ASH 2020 late-breaking abstracts: a preview

30 Nov 2020

The 62nd American Society of Hematology (ASH) Annual Meeting and Exposition will be held virtually from 5-8 December. Here are some of the late-breaking abstracts that will be featured during a general session on 8 December beginning at 12:30 GMT.

  • The addition of mycophenolate (MMF) to corticosteroid therapy resulted in significantly fewer treatment failures than corticosteroid alone in patients with immune thrombocytopenia, according to the randomised FLIGHT trial.

Importantly, the therapy was effective even with the inclusion of a substantial proportion of elderly patients.
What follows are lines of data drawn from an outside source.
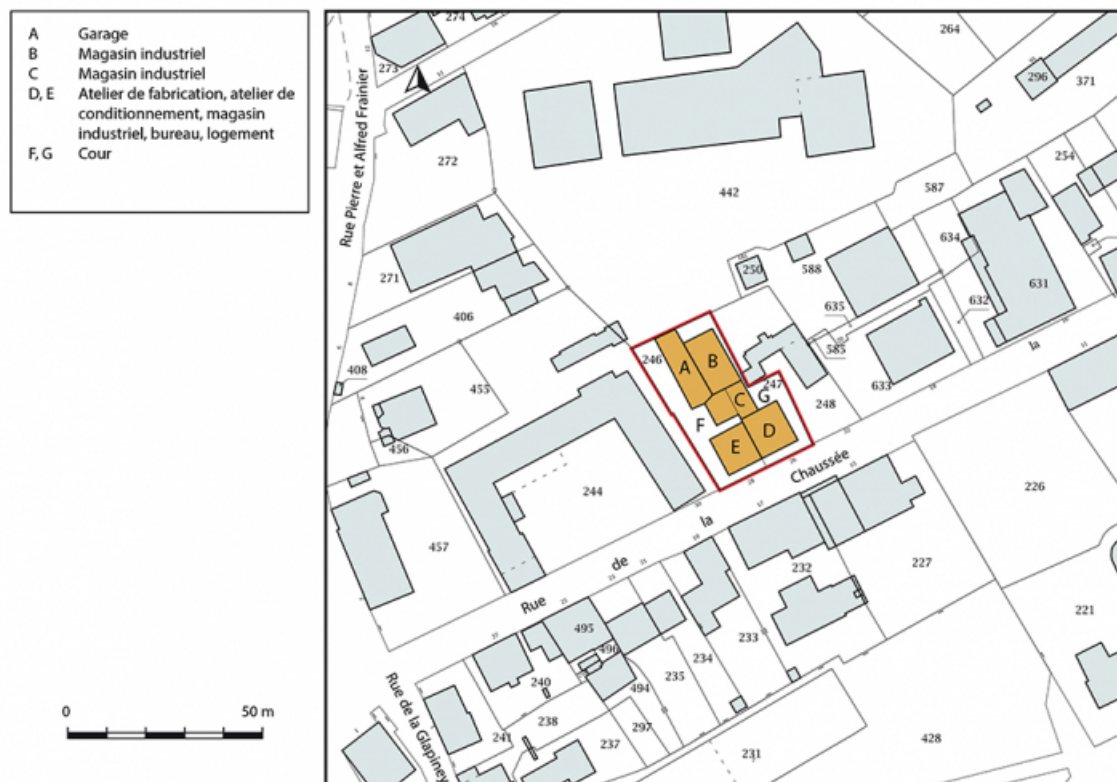
Plan-masse et de situation. Extrait du plan cadastral, 2018, section AA, 1/1 000. 25, Morteau, 26-28 rue de la Chaussée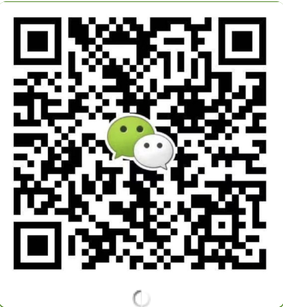
● 华北华东地区及海外咨询 滕老师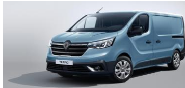
BLÅ - Cumulus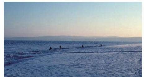
冬のアムール河での穴釣り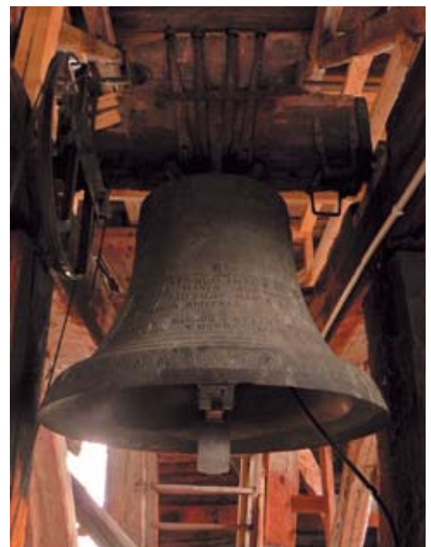
Mynämäen kirkon pieni kello vuodelta 1762.

Kellotapulissa on myös mikrofoni, jonka kautta soittoa ääni saadaan kuulumaan kirkon sisätilassa äänentoiston kautta. Tämä luo aivan uudenlaista tunnelmaa.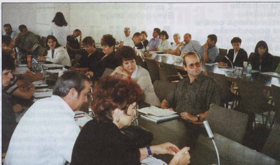
Člani republiškega odbora sindikata delavcev tekstilne in usnjarskopredelovalne industrije so z zanimanjem poslušali šefe evropskega sindikata.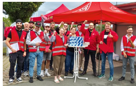
A-Team im Einsatz vor dem Tor bei ZF in Gotha

mit vielen kreativen Angeboten und Hüpfburg auf ihre Kosten. Ein besonderes Highlight war unsere Tombola, bei der viele tolle Preise verlost wurden. Der Erlös in Höhe von 580 Euro ging an die Frauenhäuser in Eisenach und Gotha. Damit unterstützen wir Einrichtungen, die Frauen in akuten Notsituationen Schutz und Hilfe bieten.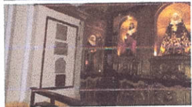
Enterramientos en las columnas dentro de la Iglesia Santo Domingo.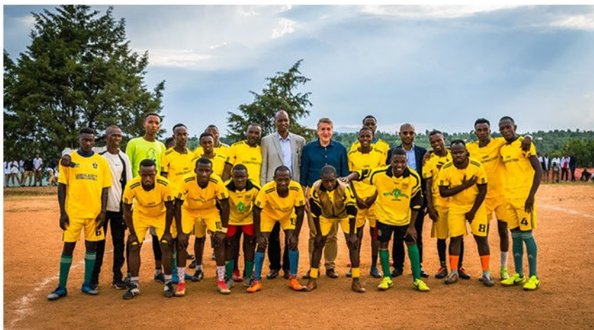
A l'occasion des festivités du jumelage, match amical entre Mbazi et Simbi

Ce voyage a également permis aux autorités woluwéennes de rendre hommage aux victimes du génocide qui a durement frappé le Rwanda en 1994. A cette fin, tous deux ont déposé une gerbe de fleurs au mémorial du génocide de Kigali et au mémorial de Camp Kigali, lieu de souvenir pour les dix para-commandos belges décédés lors du génocide. Ils ont, en outre, déposé des fleurs au mémorial du génocide de Mbazi en présence des jeunes de la commune. |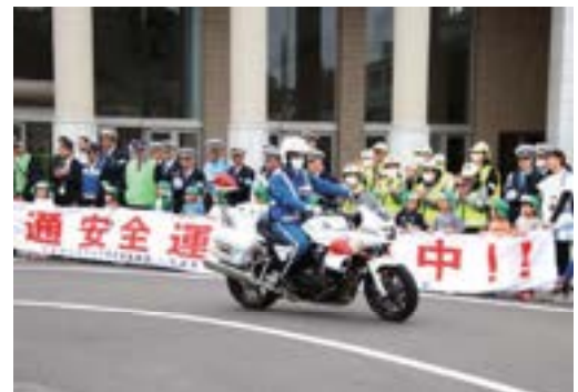
▲園児たちに見送られる白バイ

式典終了後には、白バイやパトカーなどの車両が隊列を組んで出発し、会場に集まった多くの来場者に見送られながら、地域の交通安全を呼びかけました。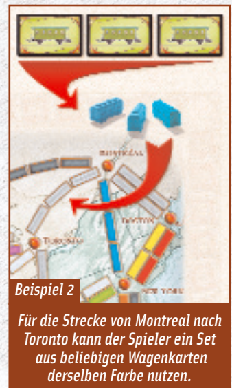
Für die Strecke von Montreal nach Toronto kann der Spieler ein Set aus beliebigen Wagenkarten derselben Farbe nutzen.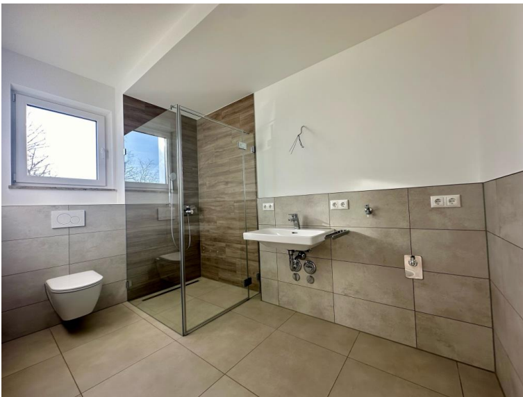
Gäste-WC mit Dusche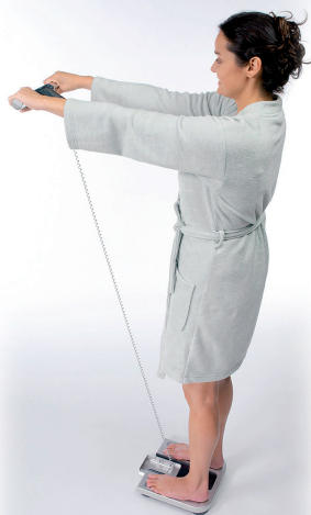
Ilustratívne foto spôsobu merania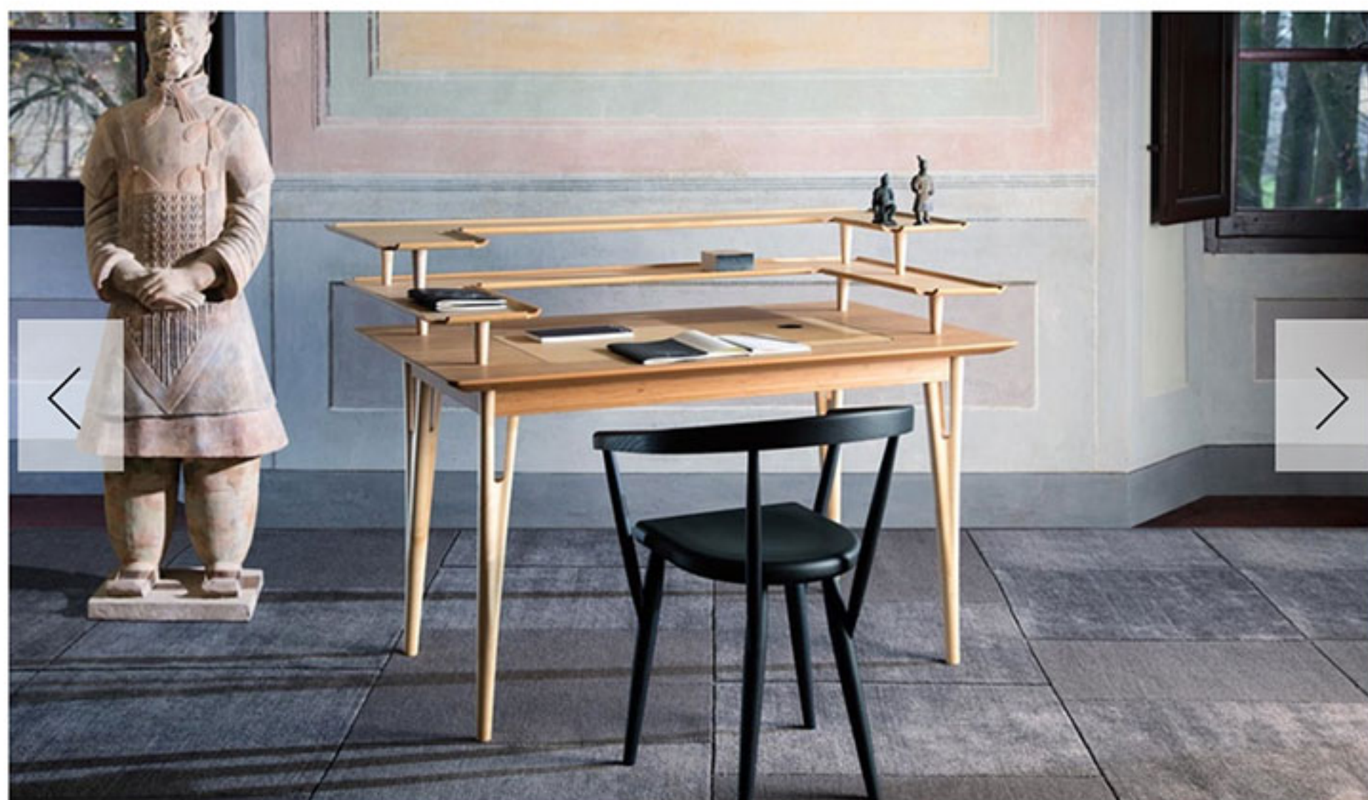
1-2 ADELE-C, LO SCRITTOIO VICTOR DI MARIO AIRÒ.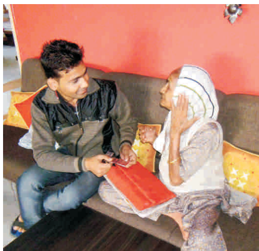
24 घंटे नर्सिंग सुविधा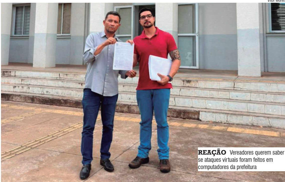
REAÇÃO Vereadores querem saber se ataques virtuais foram feitos em computadores da prefeitura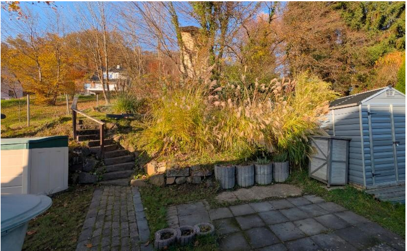
Garten mit Häuschen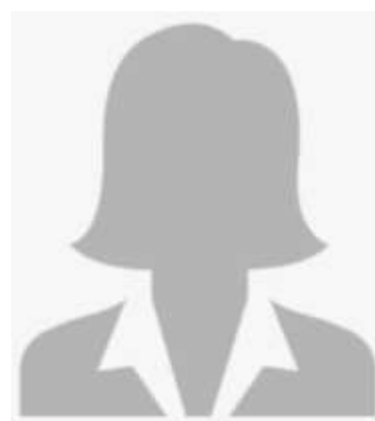
Sanja Willi Sachbearbeitung und Planung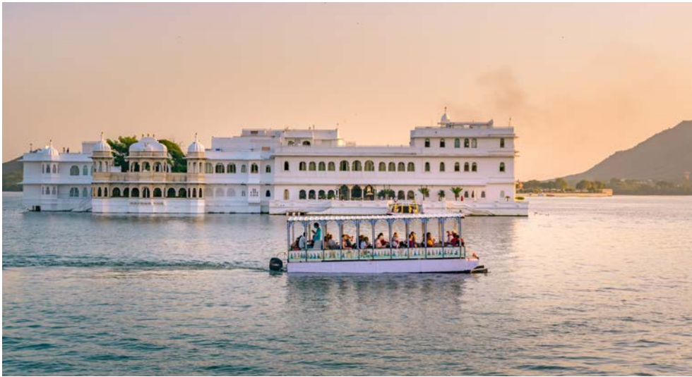
Genießen Sie eine Bootsfahrt auf dem Pichola-See

Adding MMF to the corticosteroid yielded about half the treatment failures of corticosteroid alone.

MMF is often used as a second-line therapy for the rare autoimmune disorder, but these results from the UK-based trial could yield a change to standard practice with the combination regimen used as a first-line treatment.

  • The novel agent asciminib yielded better outcomes than bosutinib in a trial of patients with chronic myeloid leukaemia in chronic phase (CML-CP) who had previously been treated with at least two tyrosine kinase inhibitors (TKIs).

Asciminib is a first-in-class agent known as a STAMP inhibitor, with a different mechanism of action from other TKIs used in CML therapy.

In the new randomised phase III trial, patients who received asciminib fared better with regard to major molecular response rate, and the agent also had a favorable safety profile, with fewer patients discontinuing therapy due to adverse events.

  • An experimental gene therapy known as etranacogene dezaparvovec showed promising results in patients with severe or moderate-severe haemophilia B, according to the first data from the phase III HOPE-B trial.

The treatment works by causing patients to begin making factor IX (FIX), potentially reducing the need for high levels of external FIX consumption given as prophylaxis.

The trial, which will follow patients for five years, showed rapid increases in FIX activity following a single dose of therapy, and a large reduction in bleeding in most patients after 26 weeks of follow-up. The treatment was generally well tolerated, and annualised FIX consumption rates dropped by 96%.